“You don’t understand. This is history. I have to photograph it now. Later is too late.”

April 19, 2011 | Source: Monroe Gallery of Photography



Via The American Society of Cinematographers

 

by John Bailey, ASC

 

 
 
Lynsey Addario: Back From the Brink
 

 

 Image #1 for “You don’t understand. This is history. I have to photograph it now. Later is too late.”

 

Khalid, age 7, wounded by shrapnel in Korengal Valley, Afghanistan


"After all I have done to get these images of war, up close, personal, soldiers and civilians, please stick your neck out in the most minimal way. To hear that you don't want to "risk further scrutiny" after I risked my life for two months is the most offensive thing I have ever heard."

You don't understand. This is history. I have to photograph it now. Later is too late." New York Times photojournalist Lynsey Addario is talking to Army Captain Dan Kearney at 6 a.m. on the side of a mountain in the dawning Korengal Valley of northeastern Afghanistan. It is fall, 2007, and Kearney's forces have dropped into a village to confront insurgents following nighttime bombing by American planes. There likely has been "collateral damage." Afghan civilians have been wounded and Addario wants Kearney to help her get to them to document the injuries. Khalid, a seven-year-old boy with shrapnel wounds and watery eyes becomes a haunting portrait that underscores the absurdity of a term like "collateral damage."

At first, the photo was going to be the cover image for a NY Times Sunday magazine feature story. But it was quashed. Then it was to be in the story inside, then on the Times website on a slideshow—also all quashed. Kathy Ryan, the photo editor argued for inclusion on the website; editor-in-chief Gerry Marzorati refused, citing that it could not be proven that Khalid's and other villagers' wounds were caused by American bombs; so, the photo was not run despite strenuous pleadings by Addario. Later, Captain Kearney affirmed that most likely the wounds were caused by shrapnel from American bombs.

 

 

 

Image #2 for “You don’t understand. This is history. I have to photograph it now. Later is too late.”

 

 

 

Burial in Falluja, chaos even in death


This sense of urgency and fierce dedication to her assignments pervades all of Lynsey Addario's photographs. Here is part of what she wrote to the then current editor-in-chief of the magazine in defense of her work.

"After all I have done to get these images of war, up close, personal, soldiers and civilians, please stick your neck out in the most minimal way. To hear that you don't want to "risk further scrutiny" after I risked my life for two months is the most offensive thing I have ever heard."
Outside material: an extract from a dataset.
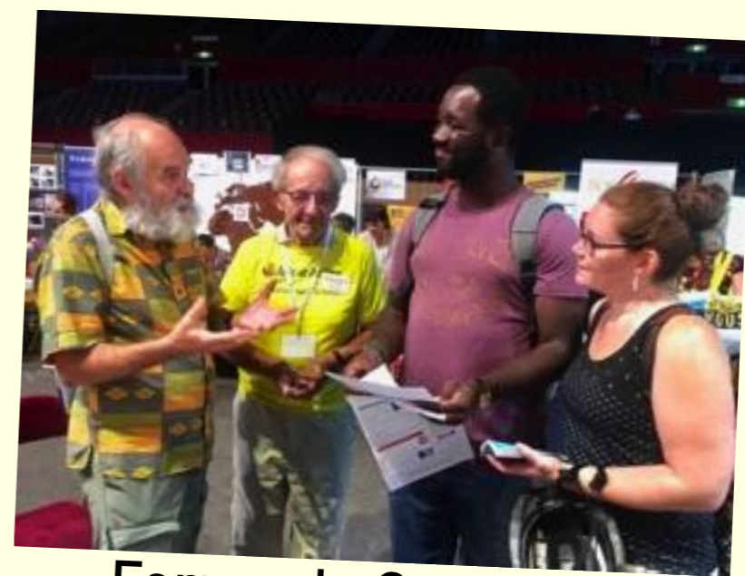
Forum de Grenoble
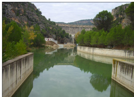
Foto del entorno

She takes no prisoners in her fierce focus. There are few images of stasis or quiet moments of idyllic peace in the maelstrom of her work.

Five years after graduation from Staples High School in Westport, Connecticut, Addario was working as a professional photojournalist for the Buenos Aires Herald. Shortly after, she was in Cuba for AP. The past decade she has worked for the NY Times and its magazine as well as for National Geographic. Always on the move, she somehow made time to marry Reuters journalist Paul de Bender in July 2009.


Addario may be an anomaly as a conflict photojournalist: a woman in a field dominated by men. On many of her assignments she is paired with another woman, journalist Elizabeth Warren, covering stories from each of their perspectives, in images and words. It is Warren who recalls the incident that opens this essay. Embedded in the fall of 2007 in Afghanistan's Korengal Valley, much as Tim Hetherington and Sebastian Junger had been for their Oscar nominated documentary film, Restrepo, Warren was already months pregnant. She and Addario are self-described "partners in crime" on assignments throughout the decade's conflict zones. Here is a PBS slideshow of the Korengal Valley story.

And here is Warren's account of her and Addario in the Korengal.

Rubin also discusses her relationship with Addario and their history in northeastern Afghanistan in a recent feature article in the Winter 2010 issue of Aperture magazine. It is worth getting, not just for Rubin's detailed account of her relationship with Addario, but as a lesson in the daily rigors of the conflict journalist:


Rubin writes about Addario's penchant for using wide lenses, for working in close:

Wide angles lure me into Lynsey's work. The intense focus that opens to another layer and then another and another. I asked her once about that. "I don't know. I just see that way."

There is no better introduction to the way Addario "sees" than going to her website. The stark, severe black field comes up right away. A seven-image slideshow follows.

Links to the left side of the homepage lead to slideshows of other photo essays.

Hotspots of international conflict, all the usual countries run amok with warring men, are listed, a veritable Zagat guide into hell. But what else emerges as you look, are links to essays that document women's issues: women in the military, women's health and maternity in Africa, female-self-immolation in Afghanistan, an Indian beauty pageant, transsexual prostitutes. She's on the front lines in war zones, alongside the boys—but she also stalks a space and themes that most male photojournalist eschew. As you get to know her work, you realize that covering women's issues is not an ancillary assignment. It is as much the core of her identity as an "engaged observer" as her higher profile war stories. She does not just caption the images; she narrates the story beyond.